ASSESSMENT OF EVIDENCE OF CLINICAL PSYCHOLOGISTS
[49] The approach of a Court in assessing expert evidence has been authoritatively set out in Michael and Another v Linksfield Park Clinic and Another, 2001 (3) SA 1188 (SCA) at p1201 A-E, where it has been stated that the Court must be satisfied that the expert opinions advanced are founded on logical reasoning. This approach has been consistently followed, Buthelezi v Ndaba, 2013 (5) SA 437 (SCA) at 442 G - H and Mediclinic v Vermeulen, 2015 (1) SA 241 (SCA) at 250 B - D.
[50] I am satisfied that Mr Ormond-Brown is suitably qualified to express a view on whether there has been any fallout flowing from the moderate concussive brain injury. His experience emanates from an expansive career in which he has obtained experience in a very wide range of brain dysfunction. He currently serves on the executive committee of SANCA and although not a statutory body, is the only way of claiming accreditation in the field of neuropsychology. It involves writing exams, submitting papers and as Mr Ormond-Brown stated, undergoing a ‘personality assassination’ prior to acceptance.

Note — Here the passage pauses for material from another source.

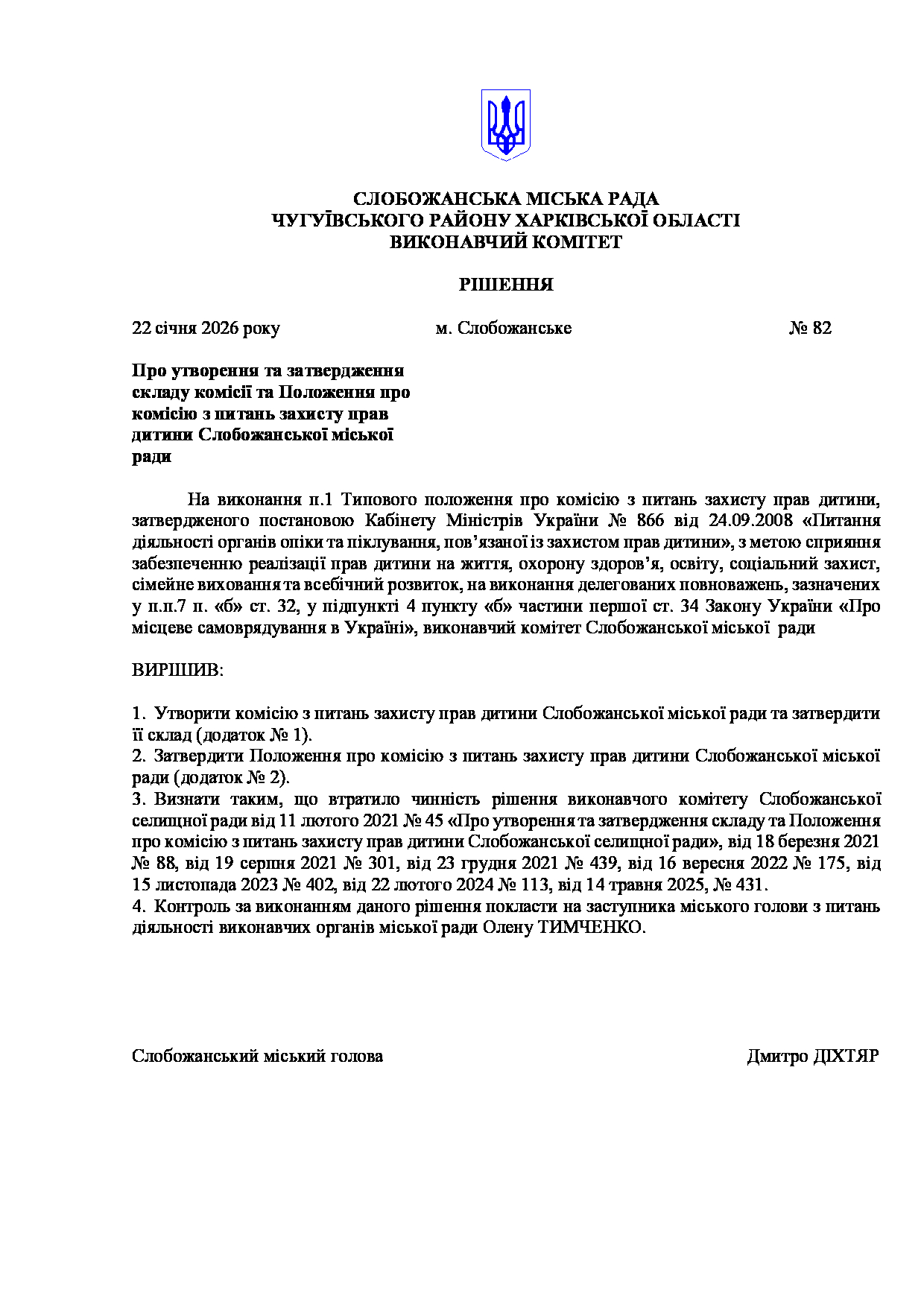 Рішення виконавчого комітету №82 Про утворення та затвердження складу комісії та Положення про комісію з питань захисту прав дитини Слобожанської міської ради.

[51] I accept that it is not a pre-requisite to being able to express a view in the field of neuropsychology and that a clinical psychologist without such accreditation could also do so. I find that in this case though, Mr Ormond-Brown is more qualified to express an opinion on the subject matter than is Dr Dlukulu.
[52] Mr Ormond-Brown had examined the plaintiff on 20 February 2013, some 5 years after the plaintiff had suffered the brain injury. By this time the plaintiff’s recovery from his injuries had stabilized and such deficits as could be identified, had become permanent. Against this backdrop, his test results and his opinions were, in my view, as valid in the present as they were in 2013.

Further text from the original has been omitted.